The wealth management industry is ever-changing. We’re often asked by advertisers for information regarding these shifts and how marketers can best respond to these changes.

We’ve seen an uptick among finance brands interested in robo-advisors, which are platforms that use algorithms to manage investment portfolios. One of the newest wealth management technologies available, these offerings are growing at a tremendous speed. In fact, Business Insider estimates that by 2020 robo-advisors will manage over $8 trillion in assets worldwide.

To help marketers better understand consumer preferences and attitudes concerning robo-advisor offerings, we commissioned an online survey among 632 individuals who shopped for a brokerage account during the past 18 months. Here’s what we learned:

The robo-advisor market is nascent

Among consumers we interviewed that had recently opened a brokerage account, nearly half (43%) were unaware of robo-advisor offerings and only 1 in 7 had a robo account. Awareness was even lower among total brokerage shoppers where a majority (57%) were not aware of automated brokerage service accounts and robo-advisor offerings.

57% of brokerage shoppers aren't aware of robo-advisor offerings

Consumers are young, affluent, and reliant on technology

The median age for robo-advisor account holders is 36, which is significantly lower than the median age of 44 for total brokerage shoppers. The median household income for robo account holders was more than twice that of brokerage shoppers ($175K vs $88K). Additionally, 50% of robo-account holders consider themselves to be early tech adopters.

Robo Account Holders: Median HHI was more than twice brokerage shoppers

Motivated by lower costs and influenced by digital media

While holders of robo-advisor accounts are affluent, they are still largely motivated by cost savings. 36% began brokerage shopping to look for lower transaction costs. 1 in 5 needed a lower minimal investment to open an account. 25% were triggered to shop by an online ad, and 85% shopped for brokerages on a smartphone.

25% of robo-advisor account owners were triggered to shop by an online ad; 85% shopped on a smartphone

Almost three in five (58%) robo-advisor account holders said they were likely to use a personal advisor either in addition to or to replace their current robo-advisor account(s) in the next year. And, 58% of robo-account holders indicated that they prefer to use a robo-advisor with a firm that they recognize rather than an independent robo-advisor firm.

So what are the implications for advertisers?

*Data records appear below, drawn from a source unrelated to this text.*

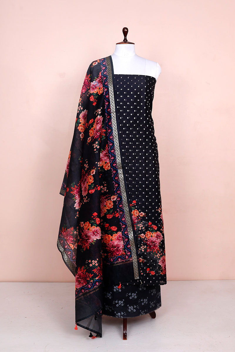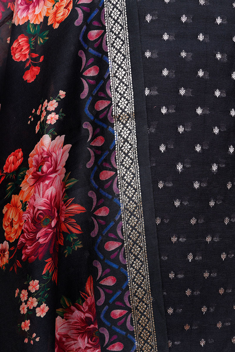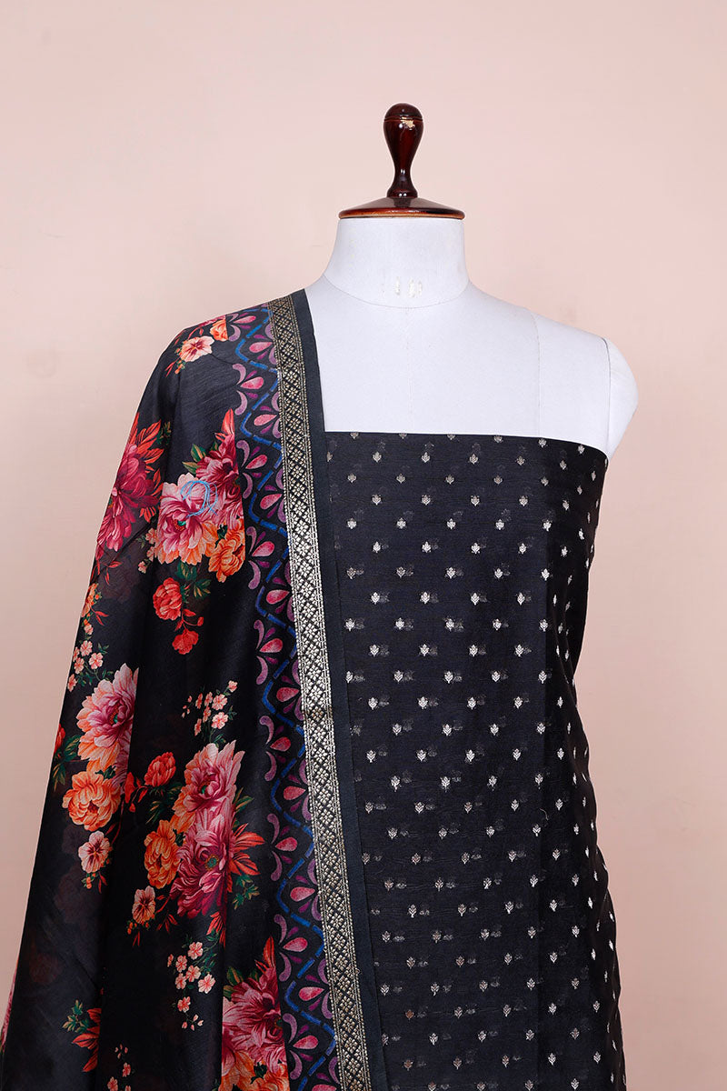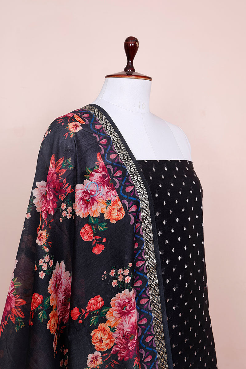 Experience a fashion-forward transformation with our exquisite kurta ensemble. Immerse yourself in the charm of silver zari woven small buti adorning the kurta fabric, complemented by a riot of colorful floral digital prints along the border. The set is beautifully paired with a matching chanderi dupatta featuring subtle floral prints. Achieve unparalleled style with this captivating outfit! An apt pick to be worn for traditional or casual occasions, this chanderi silk dress material adds a touch of sophistication and sophistication to your look, ensuring you stand out with grace and charm.
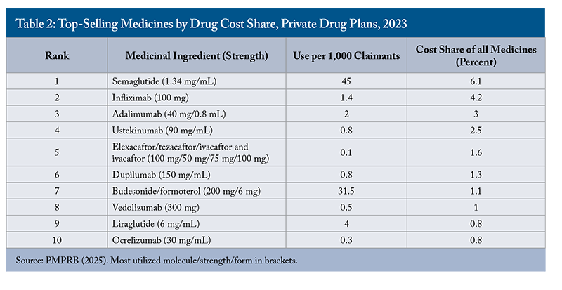 Patented Medicine Prices Review Board (PMPRB). 2025. Private Drug Plans in Canada: Expenditure Report, 2018–2023. National Prescription Drug Utilization Information System. Ottawa: Patented Medicine Prices Review Board. February. https://www.canada.ca/en/patented-medicine-prices-review/services/npduis/analytical-studies/private-drug-plans-2018-2023.html#app-c.
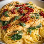 A delightful dish of juicy chicken, sun-dried tomatoes, and fresh spinach enveloped in a creamy sauce over pasta, perfect for any occasion.
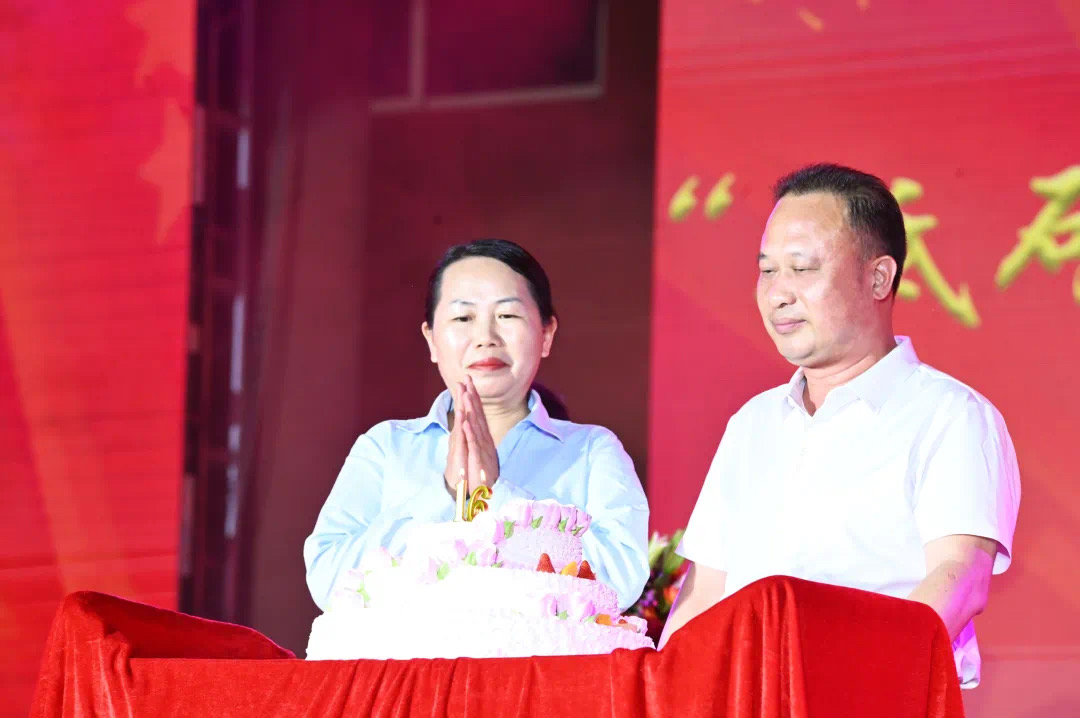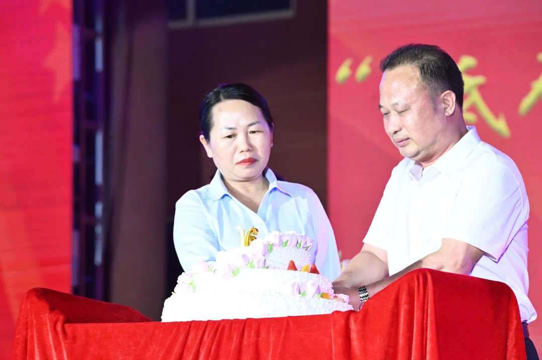 董事長李益、副董事長林艷 攜手一同切蛋糕,送上十六周年校慶祝福
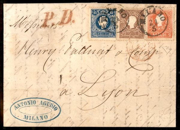 Tricolore - 15 soldi (27) + 10 soldi (26) + 5 soldi (25) - lettera da Milano a Lione del 21.5.1859 - molto bella - cert. En. Diena
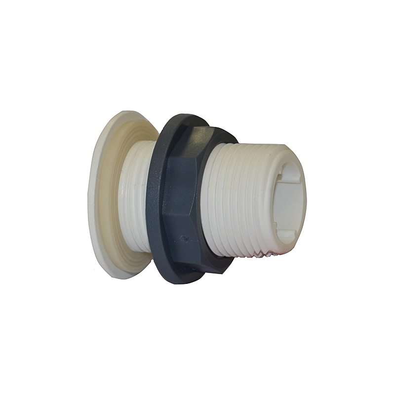 Attacco per serbatoio maschio munito di collare di serraggio e guarnizione piana in EPDM. Spessore guarnizione 3,5 mm. Filettatura esterna cilindrica UNI ISO 228/1. Colore grigio e bianco. Modello = attacco pollici
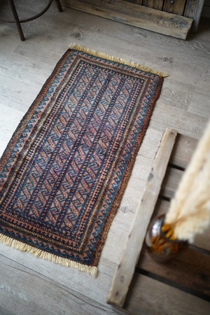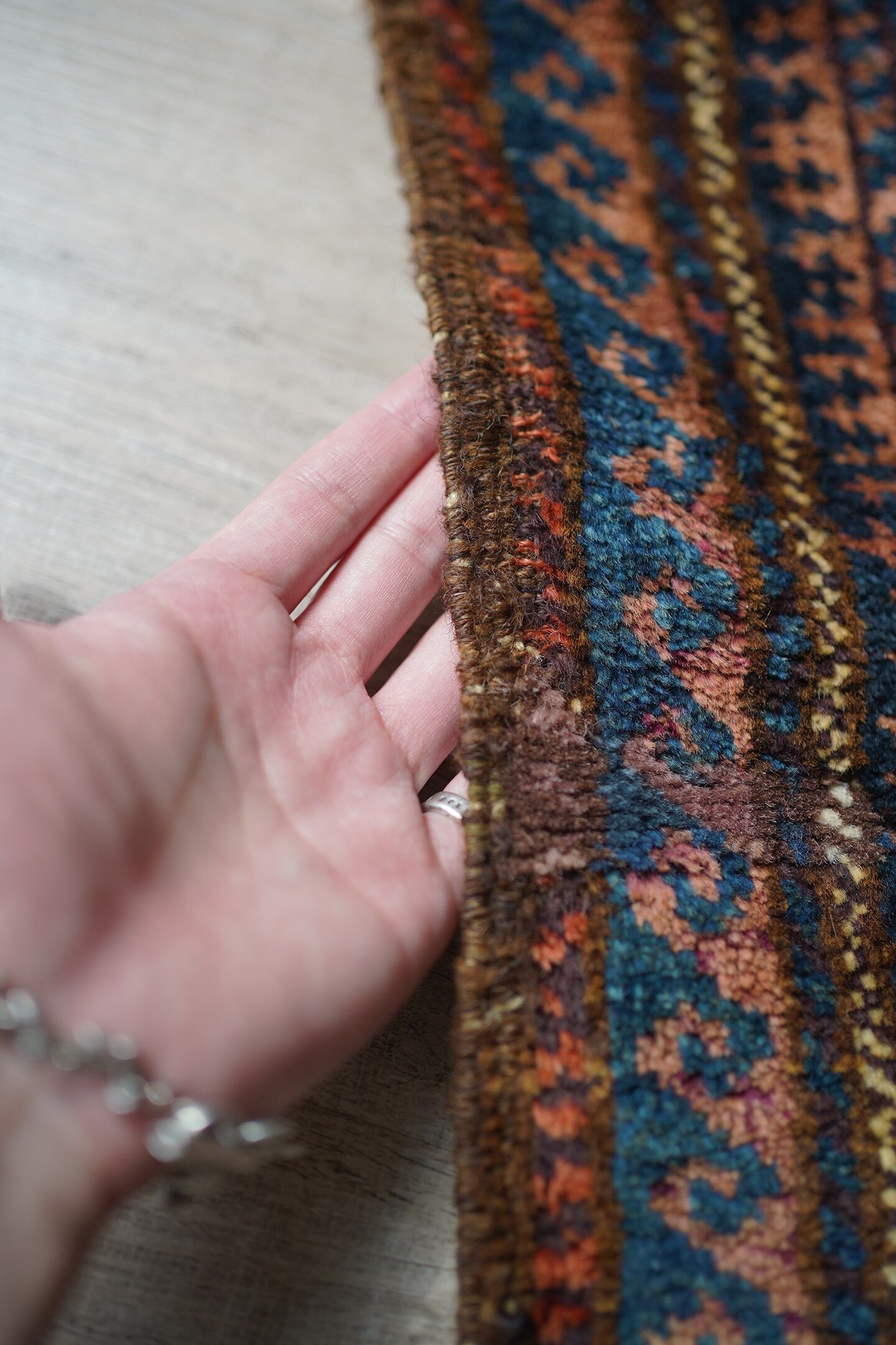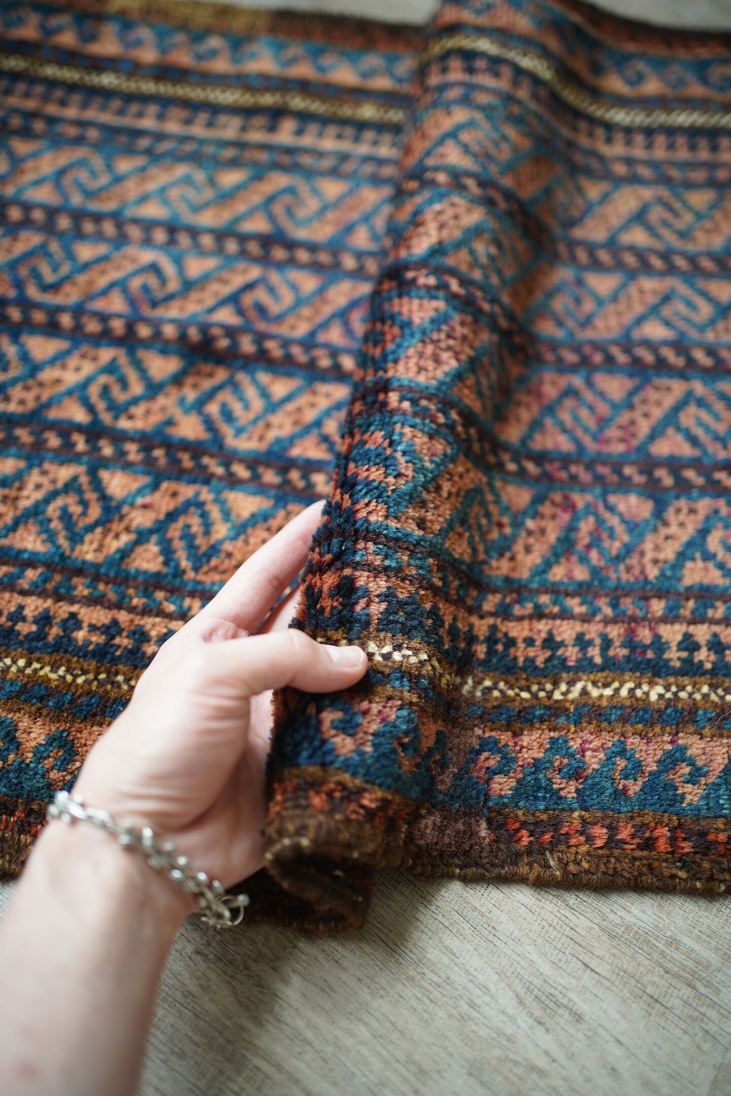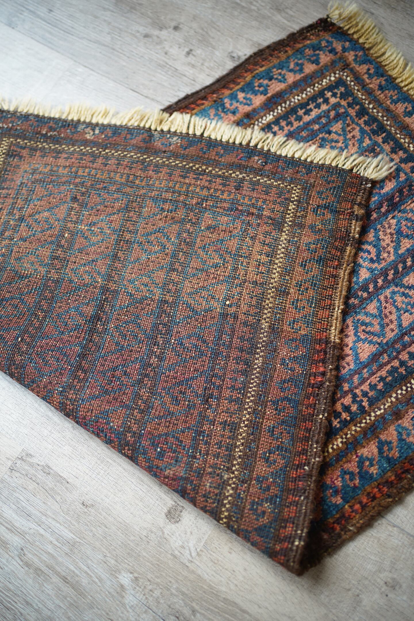 美しい艶を醸し出す経年約70年〜80年ほどのバルーチラグ。コーラルピンクとブルーグリーンの珍しい配色で、見る角度によってコーラルピンク部分が茶色のように見えたり、赤みの強いピンクに見えたりと様々な表情を見せてくれます。ふわっと滑らかな優しい肌触りで、厚みは6mm〜7mm程度です。状態としては両サイドのセルベッジ部分でパイルがかなり薄くなっている箇所があります。また補修によりパイルの色味が少しだけ異なる箇所がございます(お写真最後の5枚をご参照ください)。決して状態が良いと言えるラグではありませんが、艶も含めて大変味のある素敵な一枚です。アンティークの風合いにご理解ある方にお迎えいただければと思います。

  • To capture a piece of the robo-advisor market, brands need to do a better job of building awareness of their robo-advising offerings and providing education around these services.
     
  • Since the robo-advising audience is heavily reliant on tech, advertisers should focus on online and mobile channels to get their message in front of prospective clients.
     
  • Ad messaging should be customized with robo-advisor offerings that appeal to a young, cost-sensitive audience.
     
  • Traditional brokerage providers have an advantage over pure-play robo-advisor firms and should work to upsell and cross-sell brokerage offerings among existing clients.